Anti-Alzheimer's gene may have led to the rise of grandparents


    The research group of University of California, San Diego studied CD33, a gene that controls the body’s inflammatory and immune response. There are two variants of the gene, one predisposes a person to late-onset Alzheimer's disease (LOAD) while the other variant protects against it. To learn more about the gene’s lineage, they compared how prevalent the two variants were in human and chimpanzees, and discovered that both have similar amounts of the damaging version of CD33 even though primates do not seem to show the complete pathology of LOAD; however, the protective version is four times higher in humans, which might be compensatory to restore altered functions in humans. They also looked at the frequency of the protective version of CD33 in the 1000 Genomes Project, a database of human genetic variants of populations across the globe, and reveals the protective allele is found in a variety of ethnicities. Finally, they studied other genes that thought to protect against cognitive decline and vascular dementia in postreproductive humans and discovered that these variants also occur across ethnicities and were only found in humans (Burton, 2015; Schwarz et al., 2015).

Figure 1. PET scan showing the difference of brain structure between a normal older adult and an older adult with Alzheimer's disease.

Image courtesy of Wikimedia Commons via the National Institute on Aging.
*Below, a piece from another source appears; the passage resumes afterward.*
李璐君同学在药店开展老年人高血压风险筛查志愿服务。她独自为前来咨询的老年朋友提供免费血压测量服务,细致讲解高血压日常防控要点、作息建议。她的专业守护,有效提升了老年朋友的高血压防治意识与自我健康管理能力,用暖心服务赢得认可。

Testing Hypothesis vs. Discovery Science    

    The research group arrived at their findings accidentally. They were studying the contribution of CD33 as an immunoregulatory receptor to Alzheimer's dementia and realized that our closest evolutionary relatives do not seem to suffer from the same type of cognitive decline, so they decided to compare the allelic state of CD33 in human and nonhuman primates and discovered that the protective variant of CD33 is derived and unique to human. After the discovery, they went on to study other alleles to see if the same pattern can be discerned (Schwarz et al., 2015).

Genomics Technology

    The research group performed genotyping to identify single nucleotide polymorphisms (SNPs) in the promoter region of CD33. They then retrieved human genomes from the 1000 Genomes Project and primate genomes from the Great Ape Genome and looked for the frequency of the protective allele of CD33 in both samples; they also analyzed the Neanderthal and Denisovan genomes. Additionally, they performed a polymorphism test at each gene and its surrounding region to identify patterns of polymorphism for each population and region (Burton, 2015; Schwarz et al., 2015). 

Take Home Message

    Late-onset Alzheimer's disease is considered to be unique to humans since postmortem brain samples reveal that chimpanzees and other great apes do not have the complete pathology of LOAD. This study shows that even though humans are more susceptible to particular neurodegenerative diseases, protective alleles are derived in humans to counteract and help restore some functions. Furthermore, since the protective allele is derived in humans, the study suggests that the protective variant probably evolved after humans first separated from our primate ancestors, and possibly after our common ancestor with Neanderthal and Denisovans approximately 550,000—765,000 years ago (Schwarz et al., 2015). 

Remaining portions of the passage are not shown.